Let $X$ and $Y$ denote the fraction parts of the two normalized floating point operands.

Section 4.2.4: Distribution of Floating Point Numbers

Exercise 13. ▶ [M20] The floating point multiplication routine, Algorithm 4.2.1M, requires zero or one left shifts during normalization, depending on whether $f_u f_v \ge 1/b$ or not. Assuming that the input operands are independently distributed according to the logarithmic law, what is the probability that no left shift is needed for normalization of the result?

Verified: yes
Solve time: 2m


Solution

Let $X$ and $Y$ denote the fraction parts of the two normalized floating point operands. Under the logarithmic law, each has density

$$ l(x)=\frac{1}{x\ln b}, \qquad \frac{1}{b}\le x \le 1, $$

and $X$ and $Y$ are independent.

Define the change of variables

$$ x=b^{-u}, \qquad y=b^{-v}, $$

where $0 \le u \le 1$ and $0 \le v \le 1$. This parametrization is bijective on $\left[\frac{1}{b},1\right]$. Differentiation gives

$$ dx = -(\ln b),b^{-u},du, \qquad dy = -(\ln b),b^{-v},dv. $$

The joint density transforms as

$$ l(x),dx = \frac{1}{x\ln b}\cdot (-(\ln b)x,du)= -du, $$

so the induced density of $U=-\log_b X$ is constant on $[0,1]$. Hence $U$ is uniformly distributed on $[0,1]$. The same argument gives $V=-\log_b Y$ uniformly distributed on $[0,1]$, with independence preserved.

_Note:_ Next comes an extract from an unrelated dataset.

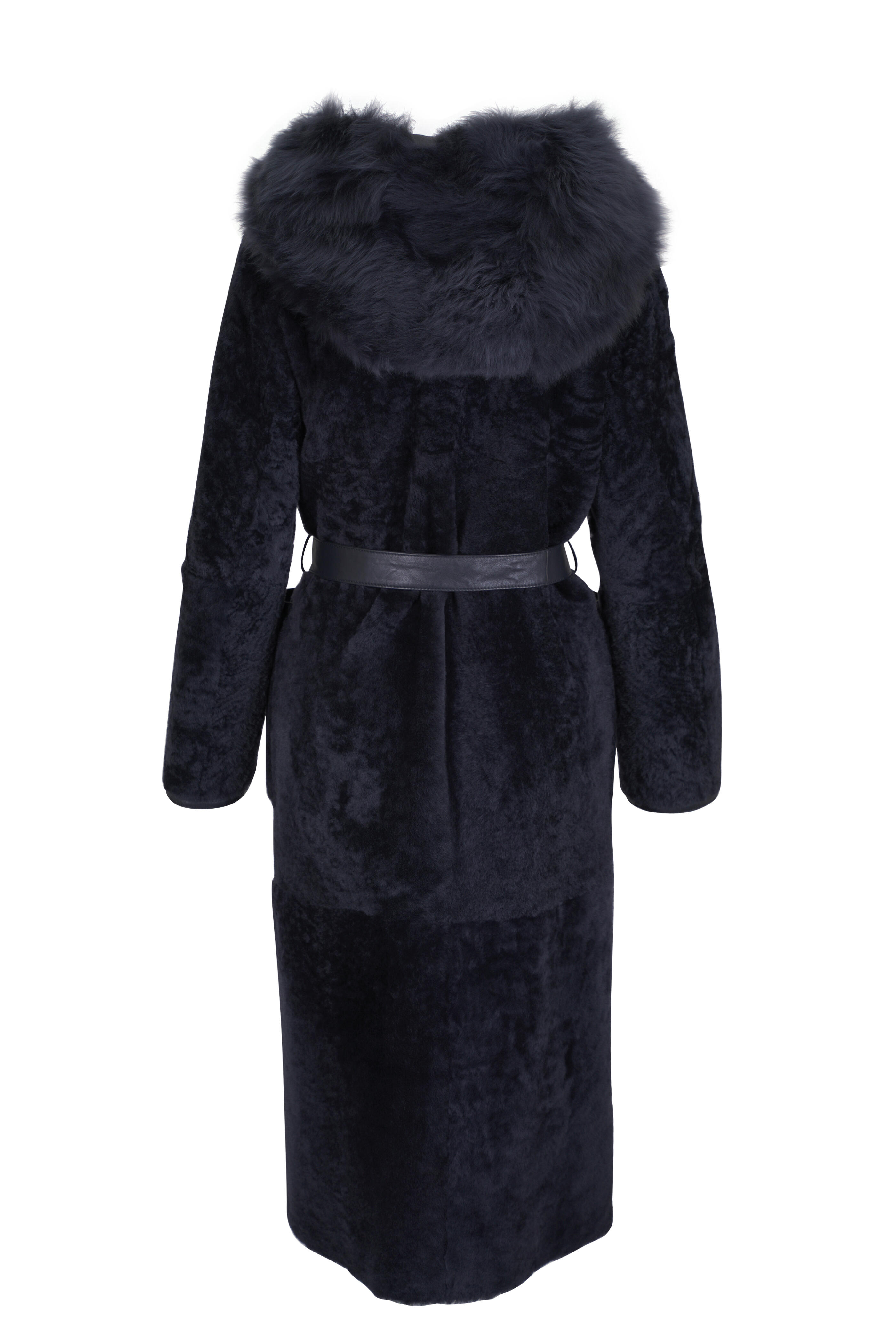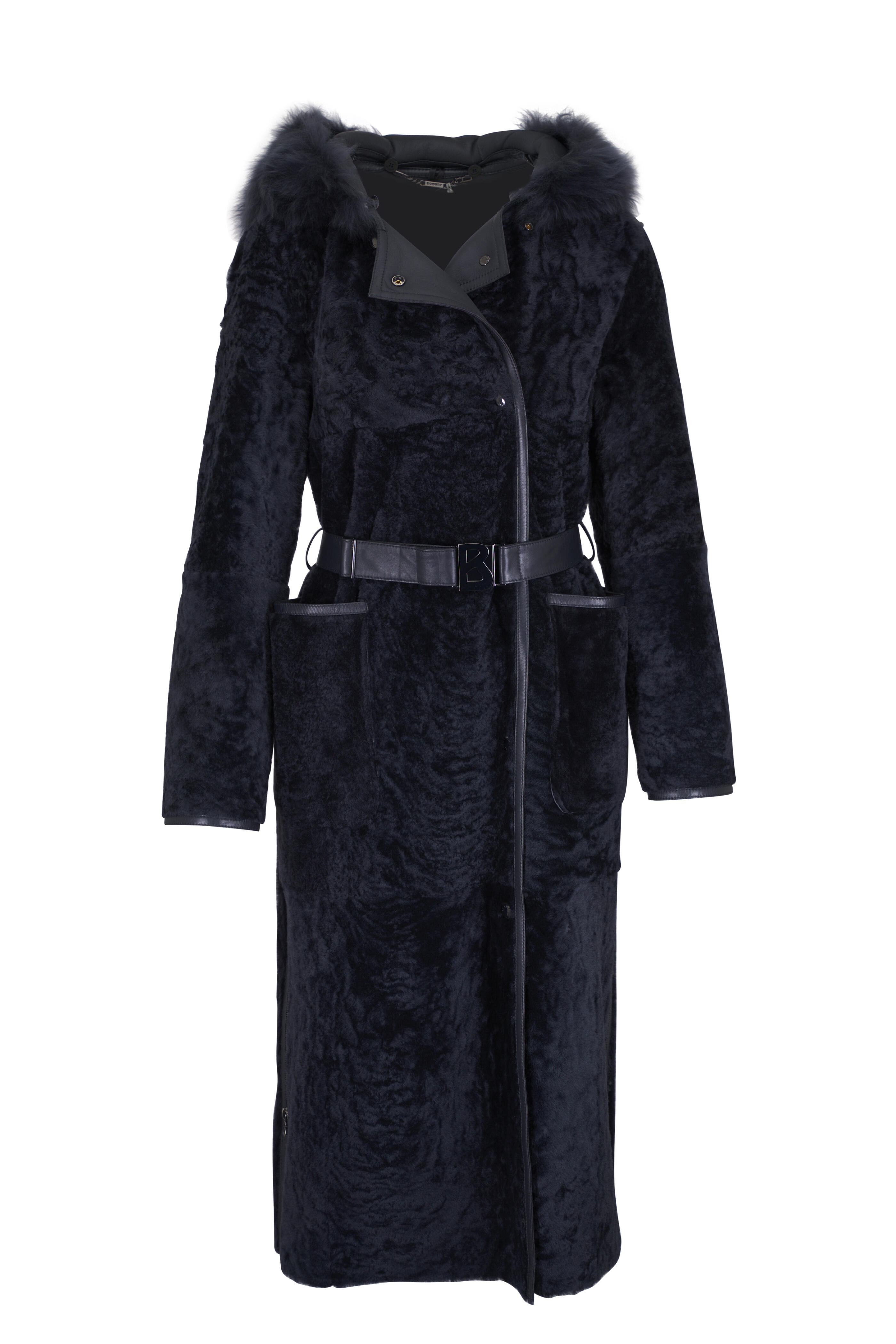 Round neckline, detachable hood. Press-stud closure. Removable self belt. Front patch pockets. Imported. 100% lambskin. Dry clean.

Thus $U$ and $V$ are independent and uniformly distributed on $[0,1]$, and

$$ X = b^{-U}, \qquad Y = b^{-V}. $$

The multiplication normalization requires no left shift exactly when

$$ XY \ge \frac{1}{b}. $$

Substituting the representation,

$$ b^{-U} \cdot b^{-V} \ge b^{-1}, $$

which is equivalent to

$$ b^{-(U+V)} \ge b^{-1}, $$

and hence

$$ U+V \le 1. $$

Since $U$ and $V$ are independent uniform random variables on $[0,1]$, the probability that $U+V \le 1$ equals the area of the triangle in the unit square below the diagonal $u+v=1$. That area is

$$ \frac{1}{2}. $$

Therefore the probability that no left shift is needed during normalization is

$$ \boxed{\frac{1}{2}}. $$

This completes the proof. ∎